▸ **WHAT THIS TASK INVOLVES**: What you return must match, exactly, the lines running from the one containing "The case is" to the end of the data, both included, and must contain no pictures.

▸ **RAW DATA**:
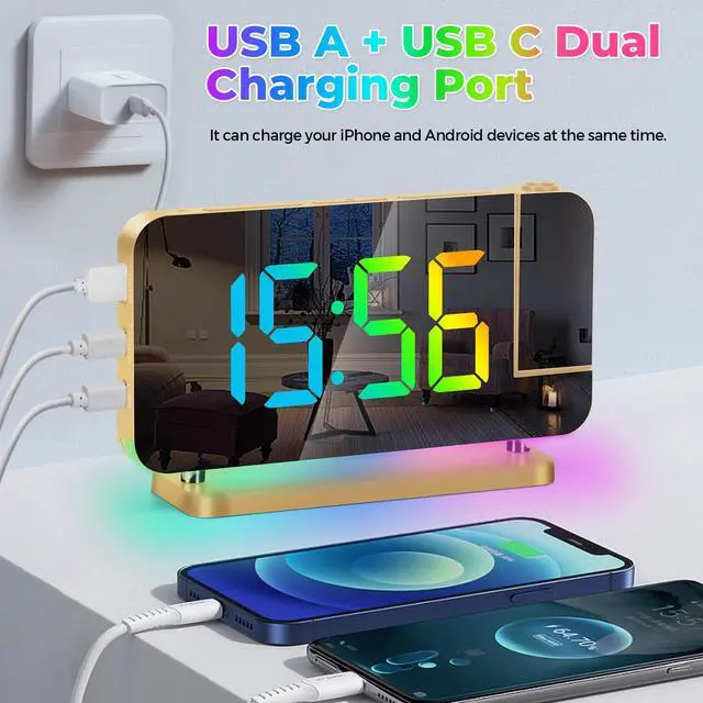 Electronic alarm clockCombines mirror, clock, alarm, night light,USB charging and other functions. It is not only a clock, but also a fashionable modern art decoration,
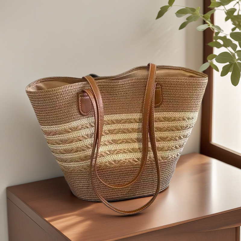스트라이프 밀짚 가방 여성 대용량 새로운 해변 휴가 해변 가방 밀짚 가방 짠 가방 통근 토트 백
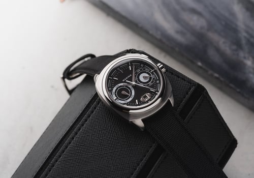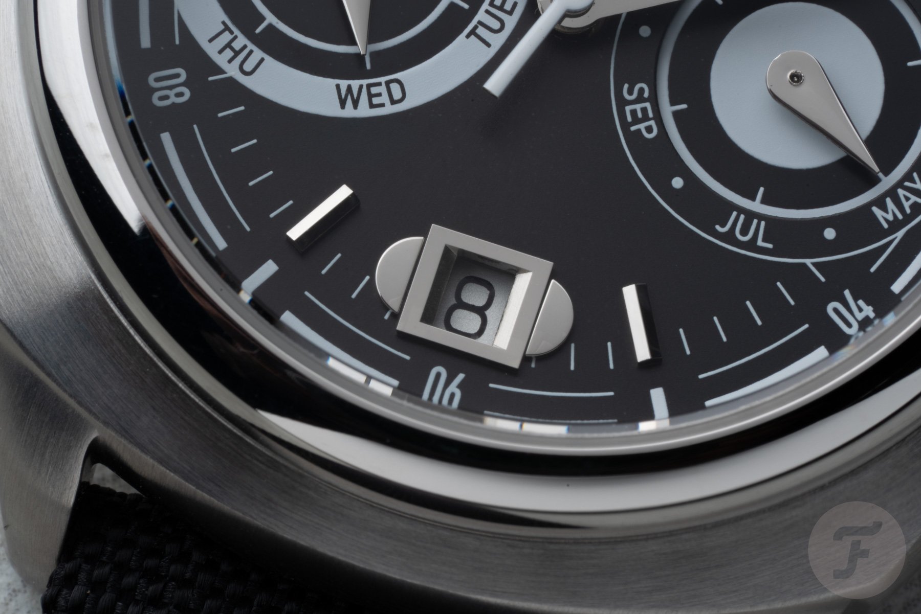 The case is paired with an asymmetrical satin-black brass dial featuring a refined texture. At first glance, there is a lot to take in, but the different pieces of the puzzle quickly begin to fall into place. It starts with the white double-lined chapter ring that holds a 12-hour scale. Moving inward from there, we find polished and faceted applied hour markers placed among a minute scale printed in white. Located at 3 o’clock is a sub-dial for the months, and at 9 o’clock, another sub-dial displays the days.
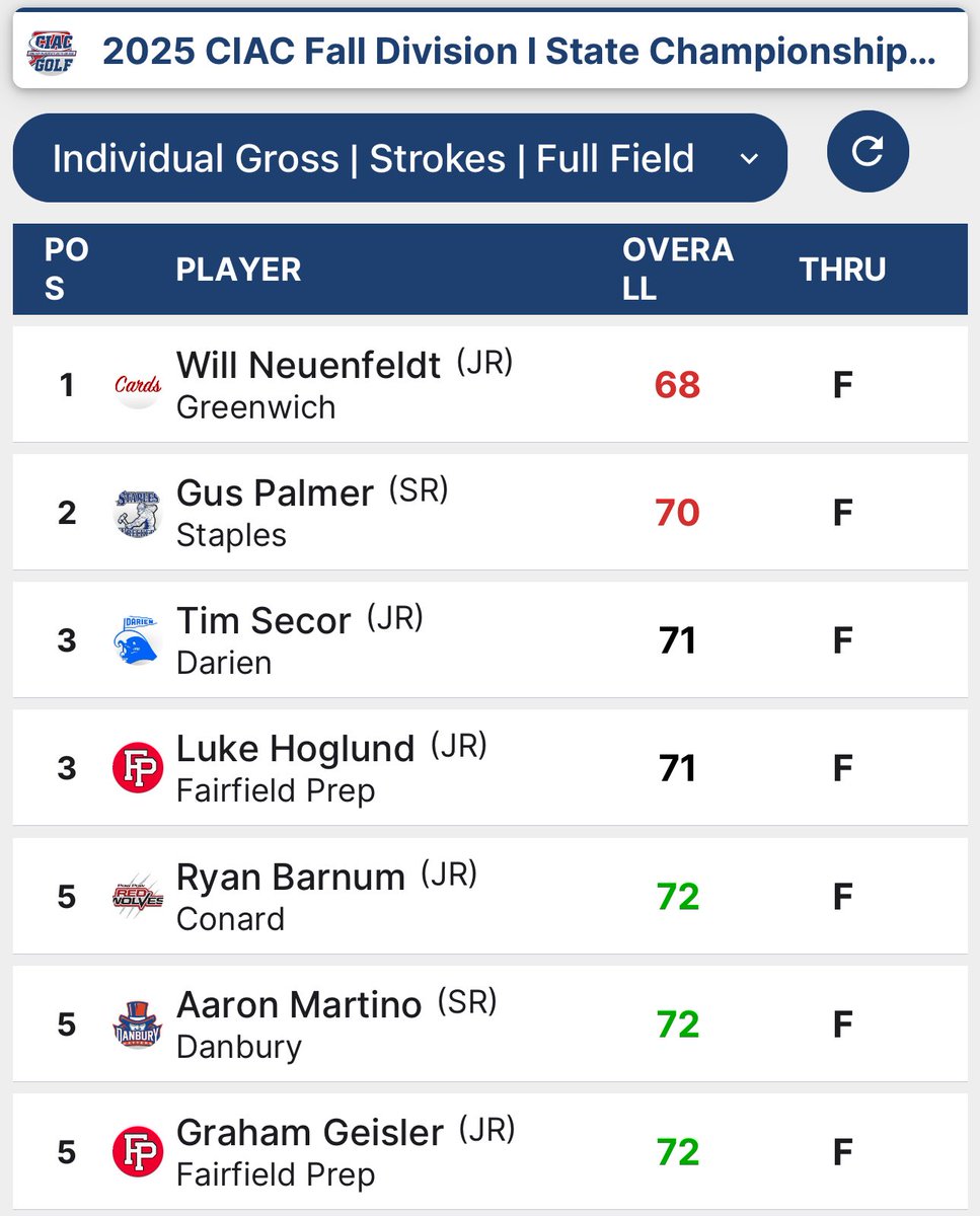 The top four medalists of today’s Division I State Championship were Will Neuenfefeldt (Greenwich), Gus…

▸ **WRITTEN ANSWER**:
 The case is paired with an asymmetrical satin-black brass dial featuring a refined texture. At first glance, there is a lot to take in, but the different pieces of the puzzle quickly begin to fall into place. It starts with the white double-lined chapter ring that holds a 12-hour scale. Moving inward from there, we find polished and faceted applied hour markers placed among a minute scale printed in white. Located at 3 o’clock is a sub-dial for the months, and at 9 o’clock, another sub-dial displays the days.
 The top four medalists of today’s Division I State Championship were Will Neuenfefeldt (Greenwich), Gus…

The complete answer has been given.